El cobrador, con un perforador, taladró dos agujeros y devolvió el abono al muchacho que, colocándolo de nuevo en su billetero, lo guardó en el bolsillo al tiempo que el conductor, soltando un exabrupto, frenaba violentamente el vehículo obligando al personal a desplazarse, con brusquedad, hacia adelante. Manfred sin pretenderlo, y al no haber tenido tiempo de volver a coger el asidero, se fue hacia Helga estrujándola contra el cristal.

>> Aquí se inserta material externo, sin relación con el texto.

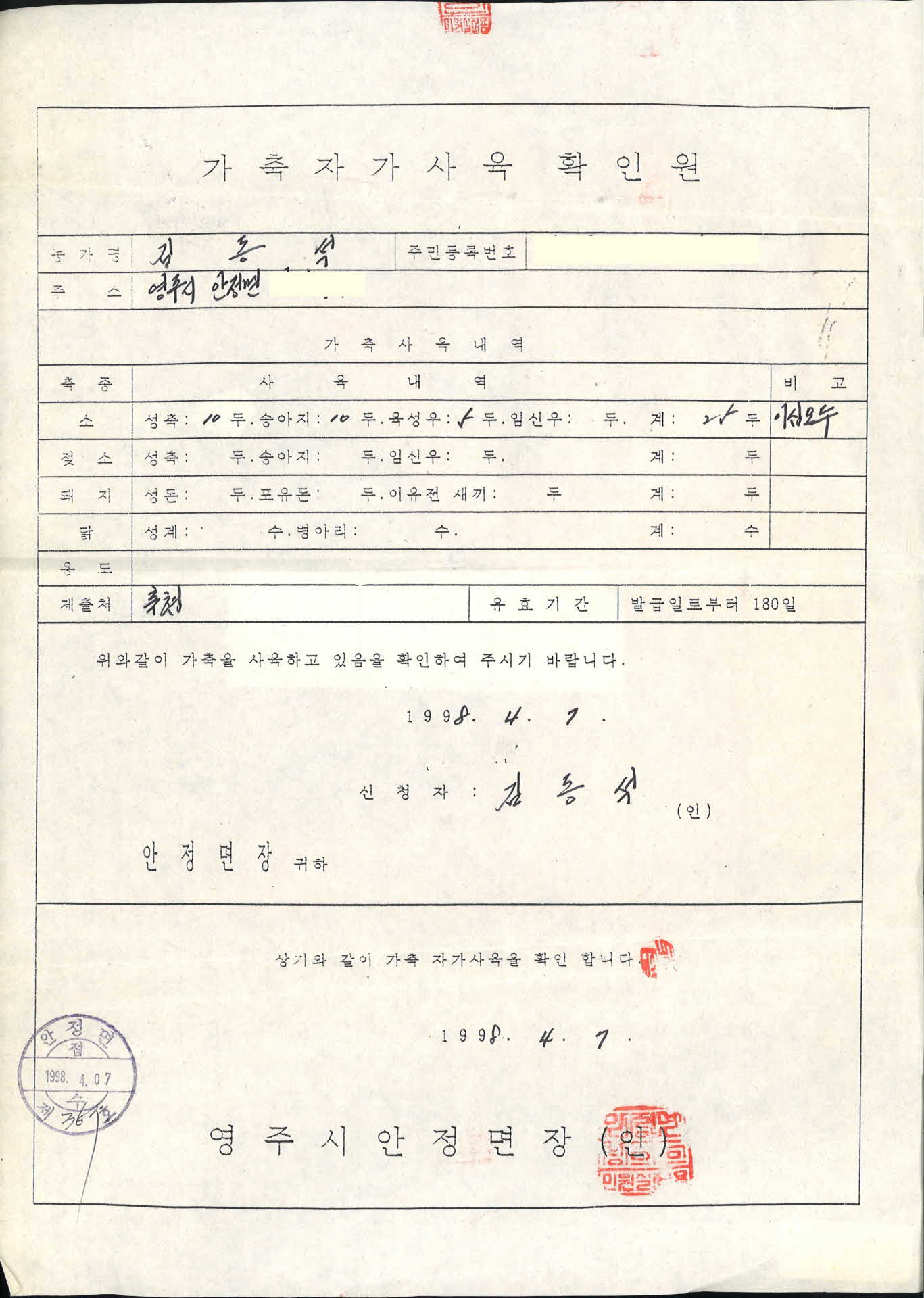 • 가축자가사육 확인원

—¡Huy! perdona, ¿te he aplastado?

La muchacha, medio prensada, volvió su hermoso rostro hacia él.

—No ha sido nada, no me has hecho daño, más me ha dolido lo que he tenido que oír esta tarde. De verdad, no ha sido nada.

Manfred, que había vuelto a recuperar la vertical, se disculpó:

—Es que estaba guardando la cartera y este bestia ha pegado un frenazo que si no llegamos a ir como sardinas salimos por delante.

—De veras que no ha sido nada.

Se había roto el hielo.

—¡Golfilla! No me habías dicho que tenías novio.

Sintió que rebullía inquieta.

—¡Hay tantas cosas que ignoramos el uno del otro! Después de tantos años solamente sabemos quiénes somos y quiénes nos han dicho que somos, yo voy a cumplir diecinueve y tú, si no recuerdo mal, veintiuno, algo habremos hecho durante todos estos años, vamos, digo yo.

—¿Lo conozco yo? —Manfred iba a lo suyo.

Helga dudó un instante.

—No, no lo conoces, es un muchacho de mi barrio cuyos padres eran amigos de los míos.

—¿Alguna vez te acompañó a la joyería?

—¡No seas plomo Manfred! ¿Te pregunto yo algo sobre tu vida, a qué muchachas has conocido y si tienes alguna amante?

—No te enfades mujer, desde luego que no tengo por qué meter las narices en tus asuntos, tengo asumido que ésta es una situación temporal y que luego cada uno seguirá sus caminos.

La lluvia siguió salpicando las calles y de nuevo un silencio triste se instaló entre los dos. Helga apoyaba su frente en el marco de la ventana ensimismada en sus pensamientos en tanto que dos gotas de agua, que se deslizaban perezosas por el cristal, caminaron paralelas un trayecto; finalmente cada una se fue hacia un lado distinto; la muchacha pensó que, cuando toda aquella pesadilla terminara, ocurriría lo mismo con sus vidas.

El caso fue que el recuerdo de los sucesos acaecidos aquella tarde volvían una y otra vez a su pensamiento.